The Supreme Court of the United States announced a decision in one case today:
M&G Polymers USA, LLC v. Tackett, No. 13-975: Respondent retirees, through their union, had entered into a collective bargaining agreement and Pension, Insurance, and Service Award Agreement (P&I Agreement) in 2000 with petitioner M&G Polymers USA, LLC. That P&I Agreement provided that certain retirees would “receive a full Company contribution towards the cost of [health care] benefits,” which would be provided “for the duration of [the] Agreement,” and that the agreement would be subject to renegotiation in three years. When the agreements expired and M&G required retirees to contribute to the cost of their health care benefits, respondent retirees sued, alleging that the P&I Agreement created a vested right to lifetime contribution-free health care benefits. The District Court dismissed the complaint, but the Sixth Circuit reversed, relying upon its past conclusion in a 1983 case that retiree health care benefits are unlikely to be left up to future negotiations. Today, the Court vacated that decision, holding that the Sixth Circuit’s reasoning was incompatible with ordinary principles of contract law.
The Court's decision is available here.
On Friday, January 23, the Court granted review in the following cases:
OBB Personenverkehr AG v. Sachs, No. 13-1067: The commercial activity exception of the Foreign Sovereign Immunities Act provides an exception to a foreign state’s sovereign immunity from suit when the claims are “based upon a commercial activity carried on in the United States by the foreign state.” 28 U.S.C. §1605(a)(2). The Court granted certiorari on the following questions: (1) Whether, for purposes of determining when an entity is an “agent” of a “foreign state” under the first clause of the commercial activity exception of the FSIA, the express definition of “agency” in the FSIA, the factors set forth in First National City Bank v. Banco para el Comercio Exterior de Cuba (Bancec), 462 U.S. 611 (1983), or common law principles of agency, control. (2) Whether, under the first clause of the commercial activity exception of the FSIA, a tort claim for personal injuries suffered in connection with travel outside of the United States is "based upon" the allegedly tortious conduct occurring outside of the United States or the preceding sale of the ticket in the United States for the travel entirely outside the United States.
Dorsey & Whitney LLP, and its attorneys Juan C. Basombrio, Steven J. Wells, and Timothy J. Droske, represent Petitioner OBB Personenverkehr AG in this matter.
Glossip v.
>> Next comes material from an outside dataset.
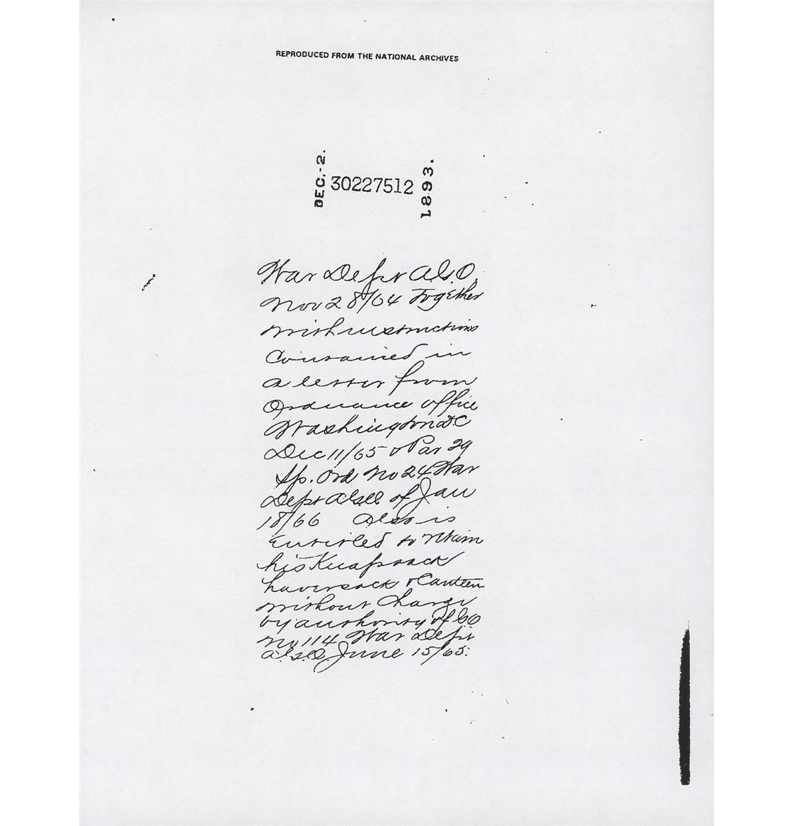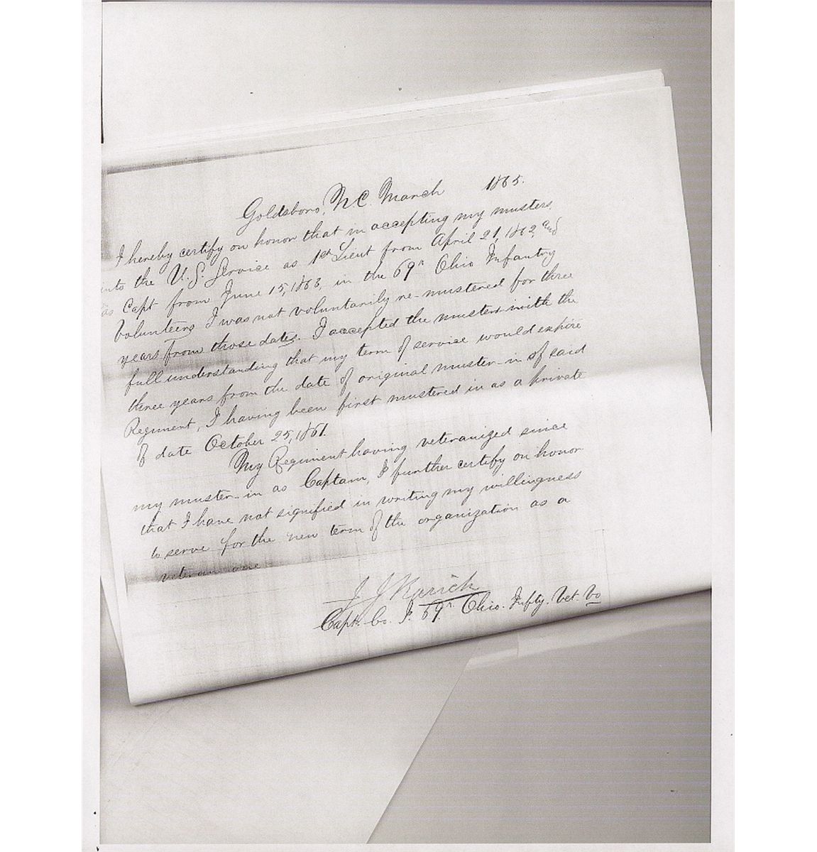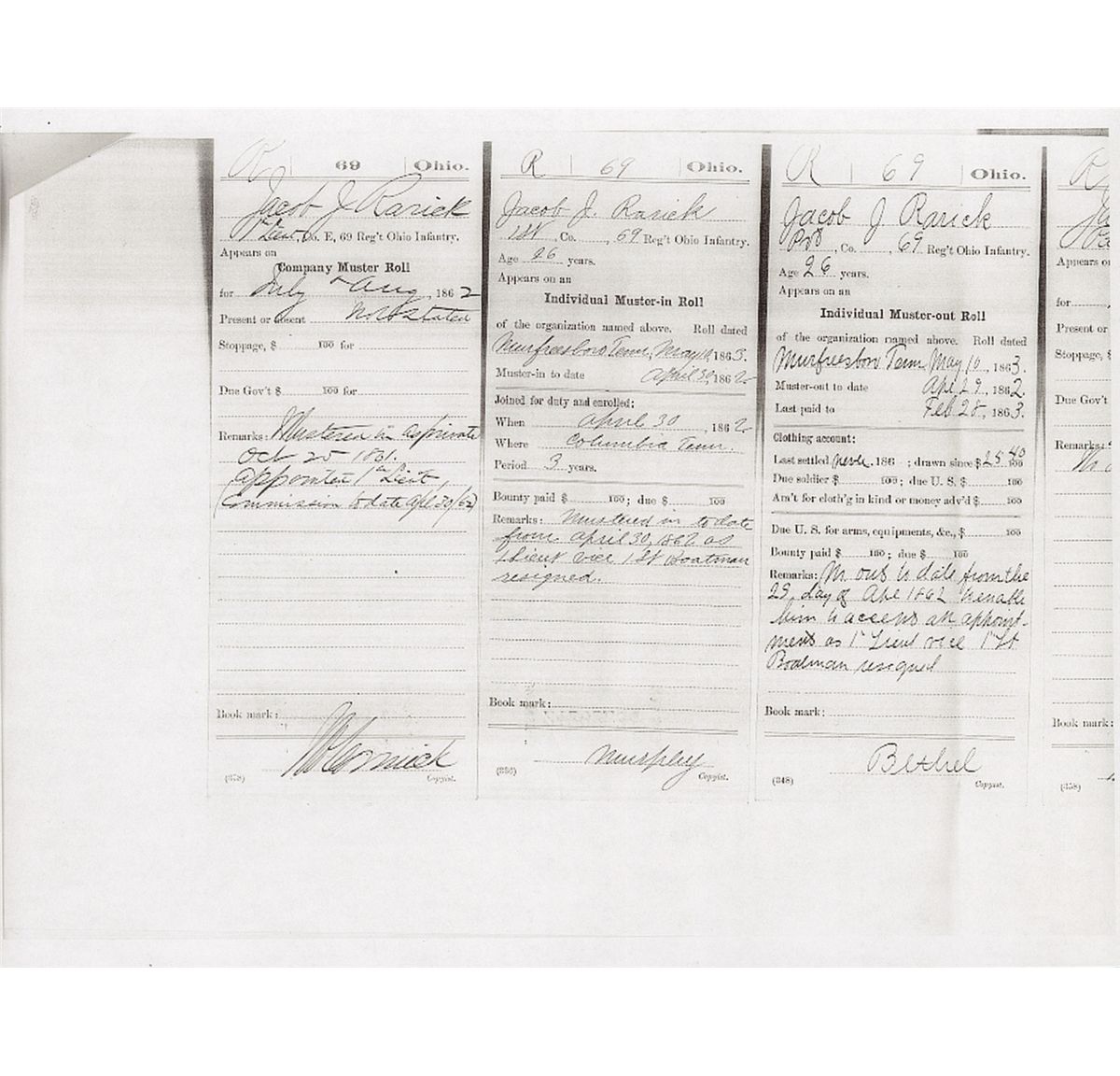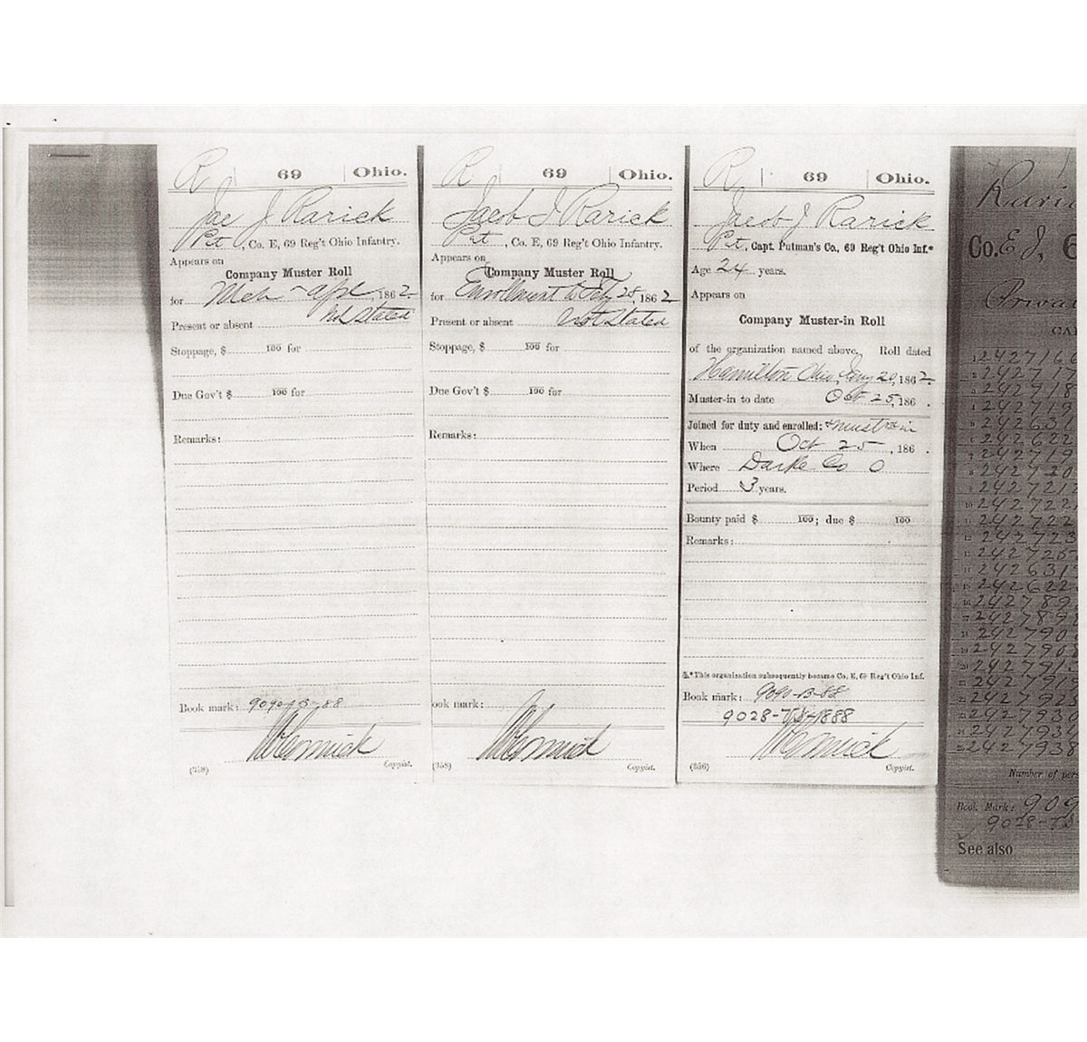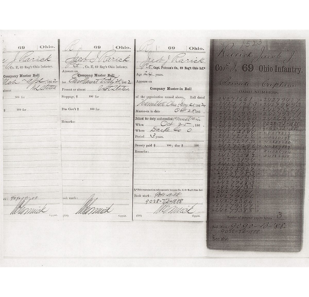 Marked "HENRY'S PATENT OCT. 16, 1860/MANUFACT'D BY THE NEWHAVEN ARMS CO. NEWHAVEN CT." on the top barrel flat ahead of the rear sight and the re-stamped serial number is marked on the top flat at the breech. The left side front of the receiver is engraved with a eagle, shield and flags motif (horizontal to the barrel) and "Jacob Rarick/69th Ohio U.S.V.V./1865" on the left side plate. The rear portion of the frame is bordered by stars. The right front of the receiver has a circle of stars and the remainder has the same star bordering. Brass blade front sight, folding ladder rear sight graduated to 900 yards, sling swivel in the left side of the barrel and stock, and mounted with a smooth straight grip walnut stock with a brass crescent buttplate. With the gun are copies of military information on Jacob Rarick including an "Oath of Allegiance" "Oath Prescribed By Act Of Congress Of United States" and muster records.

Gross, No. 14-7955: (1) Is it constitutionally permissible for a state to carry out an execution using a three-drug protocol where (a) there is a well-established scientific consensus that the first drug has no pain relieving properties and cannot reliably produce deep, coma-like unconsciousness, and (b) it is undisputed that there is a substantial, constitutionally unacceptable risk of pain and suffering from the administration of the second and third drugs when a prisoner is conscious? (2) Does the Baze-plurality stay standard, whereby a stay of execution challenging a lethal-injection protocol will not be granted absent a showing of a “demonstrated risk of severe pain” that was “substantial when compared to the known and available alternatives,” apply when states are not using a protocol substantially similar to the one that this Court considered in Baze? (3) Must a prisoner establish the availability of an alternative drug formula even if the state’s lethal-injection protocol, as properly administered, will violate the Eighth Amendment?